为什么我们期望损失接近 -log(0.1)？请简要解释。

$\color{blue}{\textit 你的答案:}$ *请填写*

<details><summary>英文原文</summary>

**Inline Question 1**

Why do we expect our loss to be close to -log(0.1)? Explain briefly.**

$\color{blue}{\textit Your Answer:}$ *Fill this in*

</details>

上面函数返回的 `grad` 目前全为零。请推导并实现 softmax 损失函数的梯度，并在 `softmax_loss_naive` 函数内实现。你可以将新代码插入到现有函数中。

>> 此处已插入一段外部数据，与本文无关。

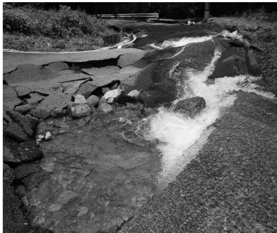
中山キャンプ場下の県道

議員 今回の災害では、さらに警戒レベルが上昇し、避難勧告を発令と同時に避難所の増設を行った。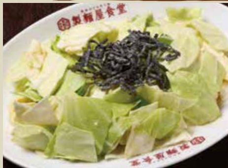
やみつぎ キャベツ 400円 (税込)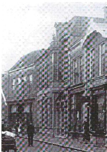
▲ Hotel Mendelaar 1910.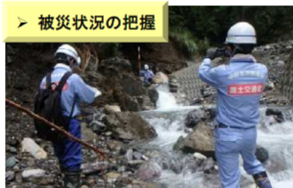
【令和2年7月豪雨】 (熊本県五木村)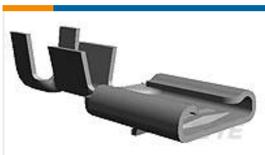
TE 产品编号160920-4 FF 312 REC 2.5-4MM2 TPPB

为了检查你是否正确实现了梯度，可以用数值方法估算损失函数的梯度，并与你计算的梯度进行比较。我们已为你提供了相关代码：

<details><summary>英文原文</summary>

The `grad` returned from the function above is right now all zero. Derive and implement the gradient for the softmax loss function and implement it inline inside the function `softmax_loss_naive`. You will find it helpful to interleave your new code inside the existing function.

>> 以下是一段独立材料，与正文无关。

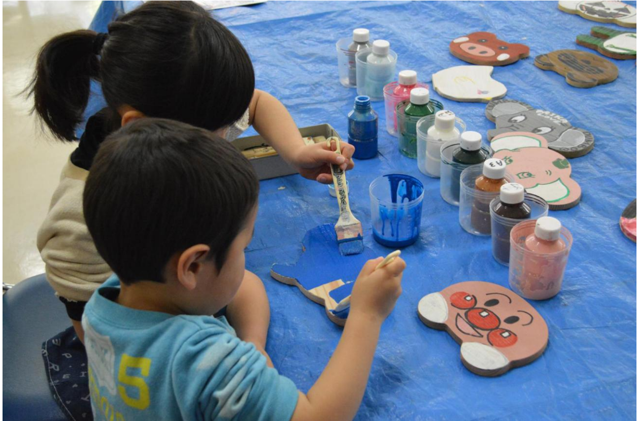
毎月第3日曜日に“あつい！こまがね”が主催する「子育て地蔵尊すくすく縁日」のペイント体験コーナーに参加する子ども達の様子

まちを元気にしようと活動している団体“あつい！こまがね”は、毎月第3日曜日に銀座通りで、「子育て地蔵尊すくすく縁日」を開催しています。縁日には、海産物などの販売や射的などさまざまなテントが並んだり、市内の企業が協力して無料のペイント体験コーナーを行ったりなどしてお子さん達が楽しそうに参加しています。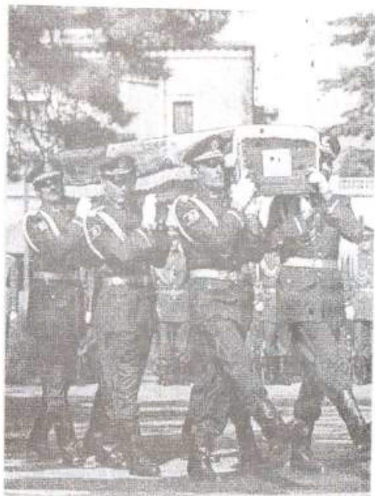
کابل، مارچ ۲۰۰۹ د افغانستان افسرانو له خوا د ارواښاد محمد داود چنازه هديرې ته د سپارلو په لور

To check that you have correctly implemented the gradient, you can numerically estimate the gradient of the loss function and compare the numeric estimate to the gradient that you computed. We have provided code that does this for you:

</details>

In [None]:
# 实现梯度后，重新计算并用我们提供的函数做梯度检查

# 在 W 处计算损失和梯度。
loss, grad = softmax_loss_naive(W, X_dev, y_dev, 0.0)

# 在几个随机选定的维度上数值计算梯度，
# 并与你解析计算的梯度比较。所有维度上的数值应该几乎完全一致。
from cs231n.gradient_check import grad_check_sparse
f = lambda w: softmax_loss_naive(w, X_dev, y_dev, 0.0)[0]
grad_numerical = grad_check_sparse(f, W, grad)

# 再次做梯度检查，打开正则化项
# 你没有忘记正则化梯度吧？
loss, grad = softmax_loss_naive(W, X_dev, y_dev, 5e1)
f = lambda w: softmax_loss_naive(w, X_dev, y_dev, 5e1)[0]
grad_numerical = grad_check_sparse(f, W, grad)

**内嵌问题 2**

虽然 gradcheck 对 softmax 损失很可靠，但对于 SVM 损失，偶尔某个维度的 gradcheck 结果可能不完全匹配。造成这种差异的原因可能是什么？是否需要担心？请举一个一维情况下 SVM 损失梯度检查可能失败的简单例子？改变 margin 会如何影响这种情况发生的频率？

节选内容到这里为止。